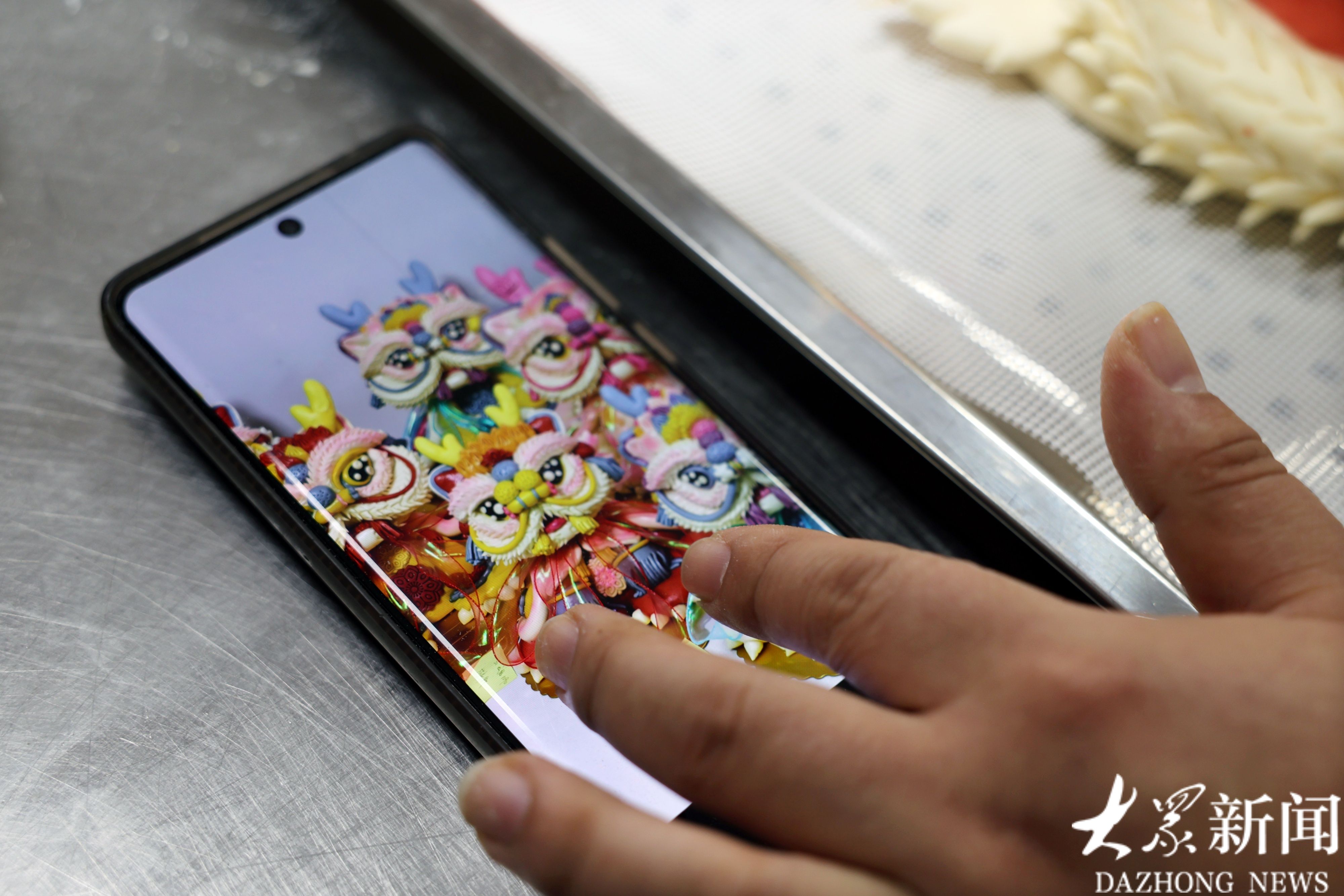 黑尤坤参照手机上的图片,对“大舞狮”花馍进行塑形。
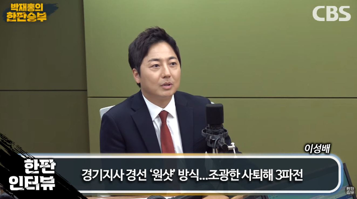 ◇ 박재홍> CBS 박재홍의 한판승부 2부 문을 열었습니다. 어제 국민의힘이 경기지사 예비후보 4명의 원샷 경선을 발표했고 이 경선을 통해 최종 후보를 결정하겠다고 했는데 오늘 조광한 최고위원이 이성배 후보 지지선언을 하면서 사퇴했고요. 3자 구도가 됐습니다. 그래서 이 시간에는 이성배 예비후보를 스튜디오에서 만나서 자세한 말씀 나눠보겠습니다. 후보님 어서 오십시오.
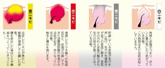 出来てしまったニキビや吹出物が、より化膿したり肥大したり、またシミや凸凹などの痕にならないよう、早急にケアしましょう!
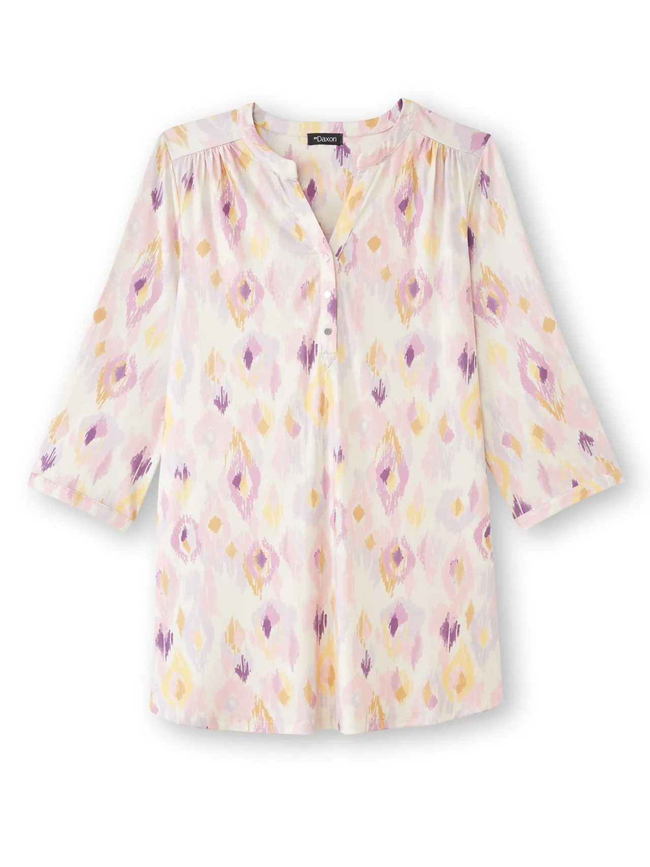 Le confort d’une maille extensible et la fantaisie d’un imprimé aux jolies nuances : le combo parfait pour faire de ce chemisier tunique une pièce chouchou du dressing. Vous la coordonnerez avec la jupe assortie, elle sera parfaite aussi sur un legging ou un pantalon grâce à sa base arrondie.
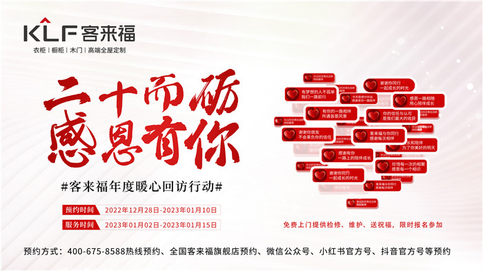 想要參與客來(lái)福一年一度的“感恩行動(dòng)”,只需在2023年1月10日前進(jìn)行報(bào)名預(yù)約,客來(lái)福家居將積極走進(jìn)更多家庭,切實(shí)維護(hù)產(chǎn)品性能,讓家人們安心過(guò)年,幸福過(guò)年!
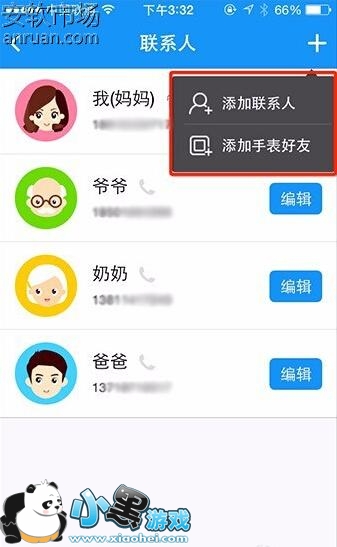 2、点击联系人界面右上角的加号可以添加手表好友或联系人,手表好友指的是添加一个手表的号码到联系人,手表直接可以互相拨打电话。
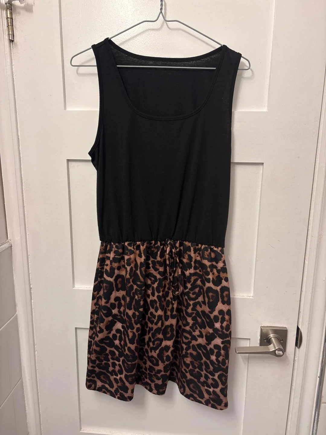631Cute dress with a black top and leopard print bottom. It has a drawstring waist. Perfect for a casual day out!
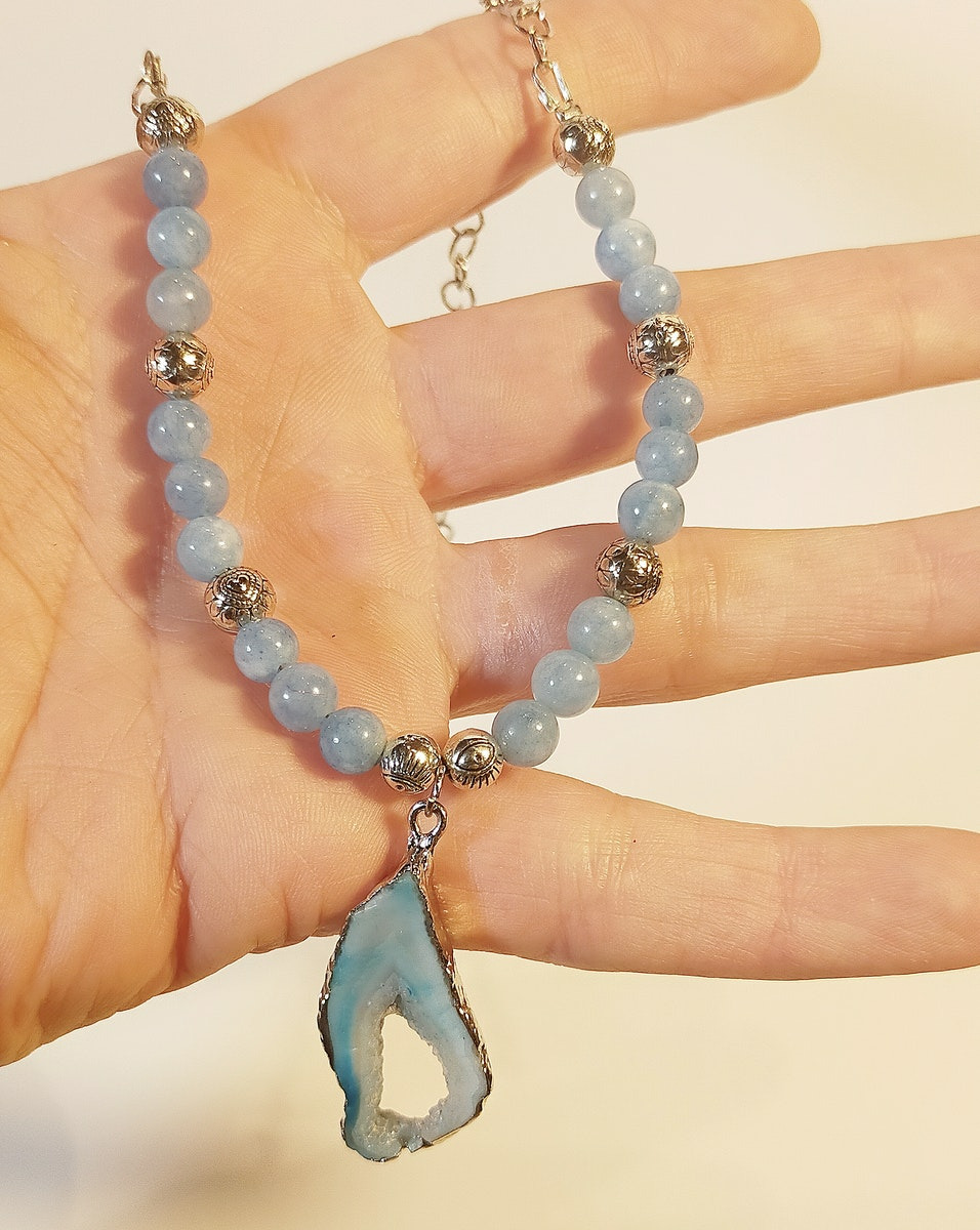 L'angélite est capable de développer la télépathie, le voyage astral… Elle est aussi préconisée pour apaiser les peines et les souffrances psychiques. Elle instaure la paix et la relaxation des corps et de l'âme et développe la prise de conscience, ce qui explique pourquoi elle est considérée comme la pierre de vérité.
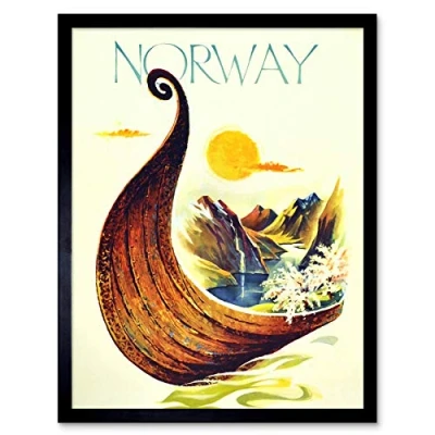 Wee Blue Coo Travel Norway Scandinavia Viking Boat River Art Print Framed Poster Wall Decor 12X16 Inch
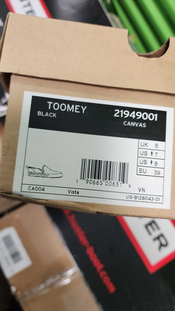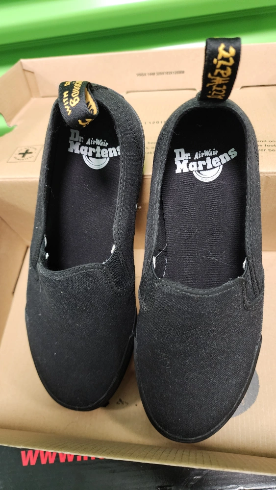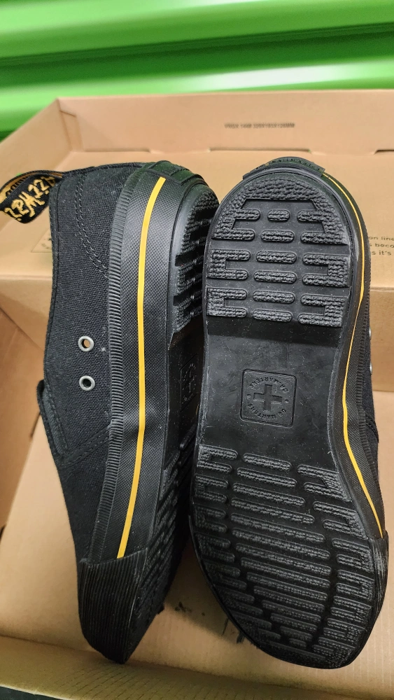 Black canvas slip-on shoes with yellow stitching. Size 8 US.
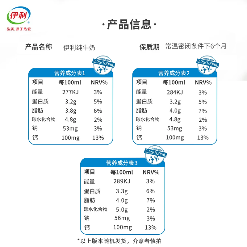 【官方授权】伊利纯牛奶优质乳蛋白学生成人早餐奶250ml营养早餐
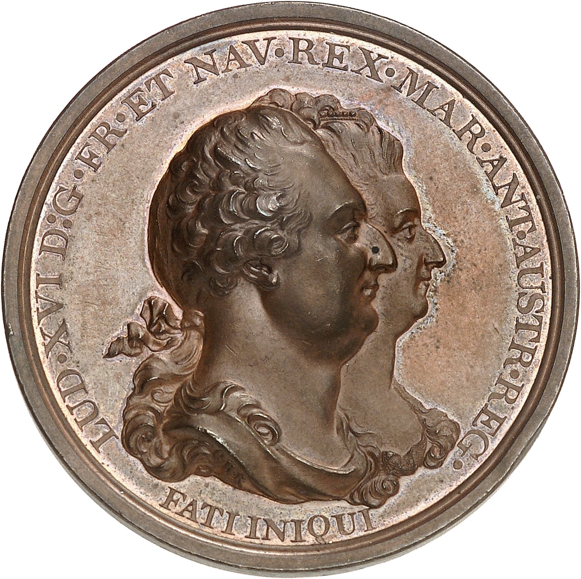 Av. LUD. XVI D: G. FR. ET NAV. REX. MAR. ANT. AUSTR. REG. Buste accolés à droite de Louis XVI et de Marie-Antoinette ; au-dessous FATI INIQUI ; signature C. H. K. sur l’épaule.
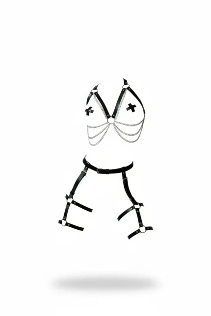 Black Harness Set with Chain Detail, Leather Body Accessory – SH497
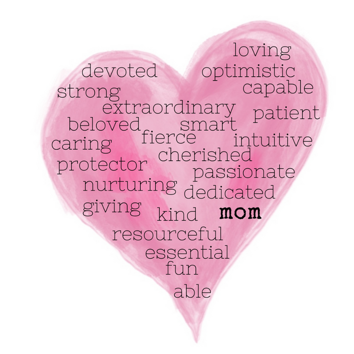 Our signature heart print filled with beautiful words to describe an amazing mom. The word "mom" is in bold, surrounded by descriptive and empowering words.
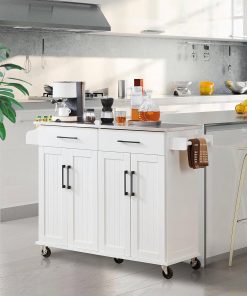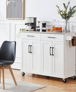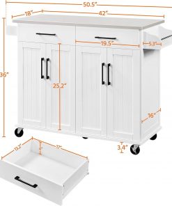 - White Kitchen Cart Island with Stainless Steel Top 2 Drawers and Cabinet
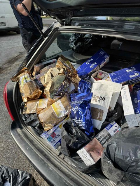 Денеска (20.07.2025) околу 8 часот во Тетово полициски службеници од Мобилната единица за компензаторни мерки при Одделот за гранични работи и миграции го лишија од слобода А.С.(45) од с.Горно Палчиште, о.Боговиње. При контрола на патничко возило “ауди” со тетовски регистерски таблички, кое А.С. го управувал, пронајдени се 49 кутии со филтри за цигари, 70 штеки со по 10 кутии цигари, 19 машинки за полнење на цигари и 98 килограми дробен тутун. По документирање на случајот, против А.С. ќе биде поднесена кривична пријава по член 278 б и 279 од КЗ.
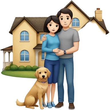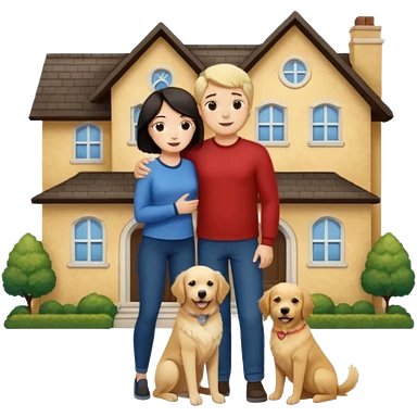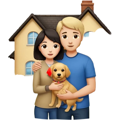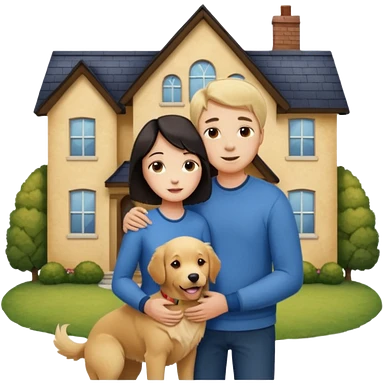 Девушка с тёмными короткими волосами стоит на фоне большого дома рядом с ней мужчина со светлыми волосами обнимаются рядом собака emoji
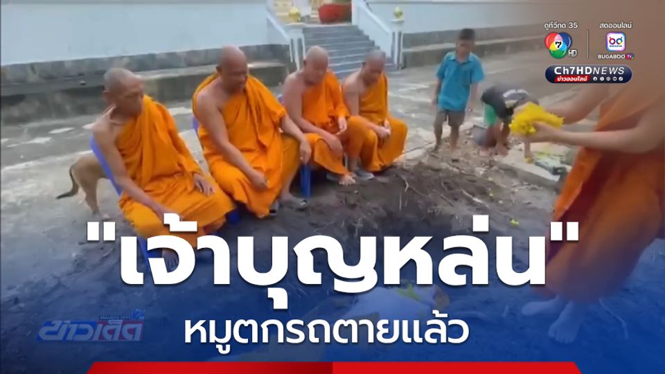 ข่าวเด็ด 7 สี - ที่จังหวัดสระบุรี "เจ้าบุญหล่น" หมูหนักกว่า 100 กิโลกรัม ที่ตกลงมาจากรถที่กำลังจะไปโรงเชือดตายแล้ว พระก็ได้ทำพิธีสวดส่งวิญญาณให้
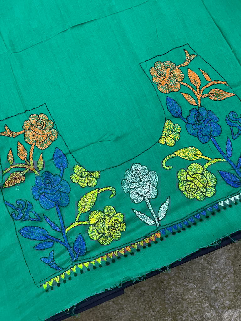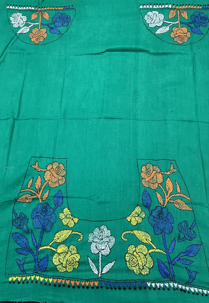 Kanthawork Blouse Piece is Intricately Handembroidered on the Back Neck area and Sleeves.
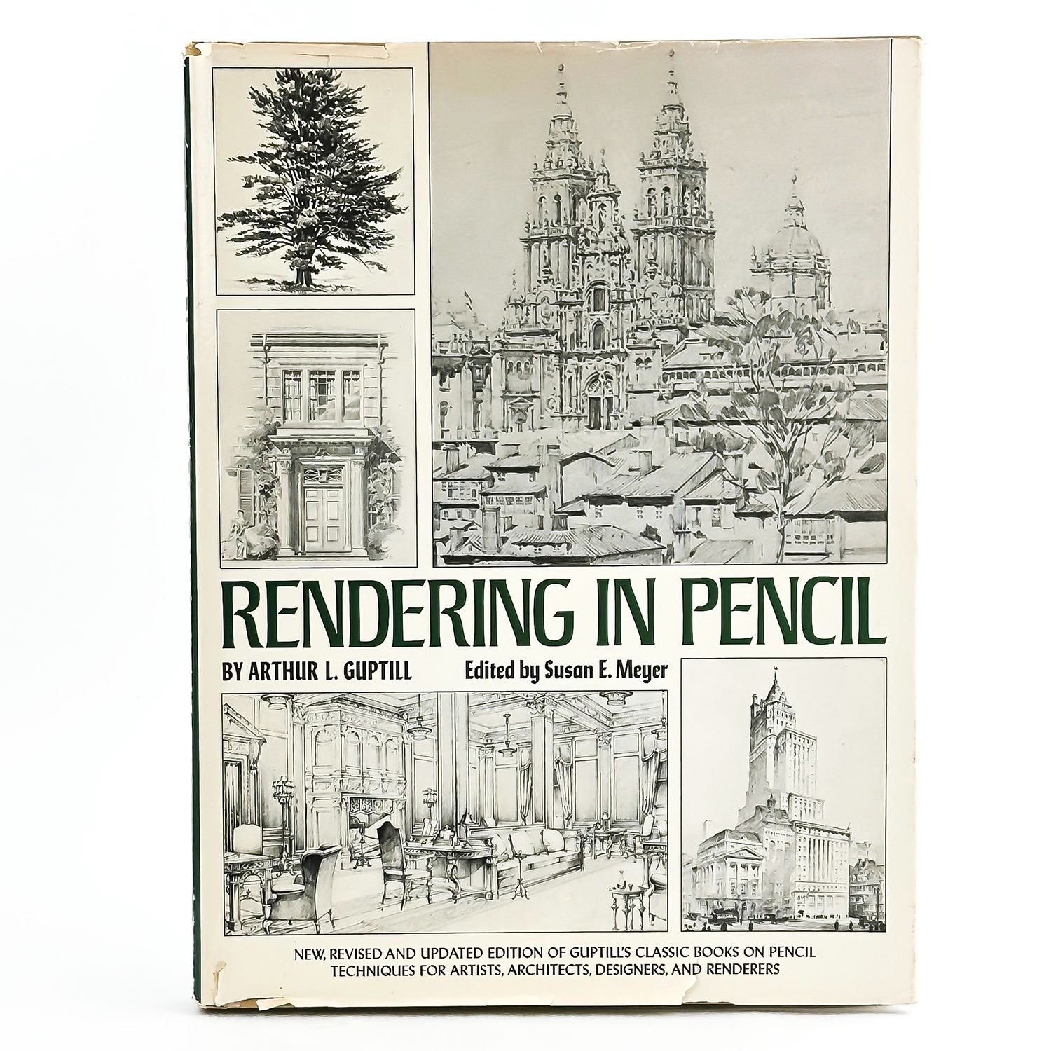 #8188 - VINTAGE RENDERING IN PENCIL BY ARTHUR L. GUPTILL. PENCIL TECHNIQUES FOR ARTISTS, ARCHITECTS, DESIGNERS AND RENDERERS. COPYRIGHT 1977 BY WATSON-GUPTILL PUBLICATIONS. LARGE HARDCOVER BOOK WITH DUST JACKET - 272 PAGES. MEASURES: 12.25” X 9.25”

WHAT YOU WILL DO: Could the stretch from the line with "出来てしまったニキビや吹出物" through the line with "Black Harness Set" in the listing above be restated word for word, minus the pictures?

EXPECTED OUTPUT:
 出来てしまったニキビや吹出物が、より化膿したり肥大したり、またシミや凸凹などの痕にならないよう、早急にケアしましょう!
 Le confort d’une maille extensible et la fantaisie d’un imprimé aux jolies nuances : le combo parfait pour faire de ce chemisier tunique une pièce chouchou du dressing. Vous la coordonnerez avec la jupe assortie, elle sera parfaite aussi sur un legging ou un pantalon grâce à sa base arrondie.
 想要參與客來(lái)福一年一度的“感恩行動(dòng)”,只需在2023年1月10日前進(jìn)行報(bào)名預(yù)約,客來(lái)福家居將積極走進(jìn)更多家庭,切實(shí)維護(hù)產(chǎn)品性能,讓家人們安心過(guò)年,幸福過(guò)年!
 2、点击联系人界面右上角的加号可以添加手表好友或联系人,手表好友指的是添加一个手表的号码到联系人,手表直接可以互相拨打电话。
631Cute dress with a black top and leopard print bottom. It has a drawstring waist. Perfect for a casual day out!
 L'angélite est capable de développer la télépathie, le voyage astral… Elle est aussi préconisée pour apaiser les peines et les souffrances psychiques. Elle instaure la paix et la relaxation des corps et de l'âme et développe la prise de conscience, ce qui explique pourquoi elle est considérée comme la pierre de vérité.
 Wee Blue Coo Travel Norway Scandinavia Viking Boat River Art Print Framed Poster Wall Decor 12X16 Inch
 Black canvas slip-on shoes with yellow stitching. Size 8 US.
 【官方授权】伊利纯牛奶优质乳蛋白学生成人早餐奶250ml营养早餐
 Av. LUD. XVI D: G. FR. ET NAV. REX. MAR. ANT. AUSTR. REG. Buste accolés à droite de Louis XVI et de Marie-Antoinette ; au-dessous FATI INIQUI ; signature C. H. K. sur l’épaule.
 Black Harness Set with Chain Detail, Leather Body Accessory – SH497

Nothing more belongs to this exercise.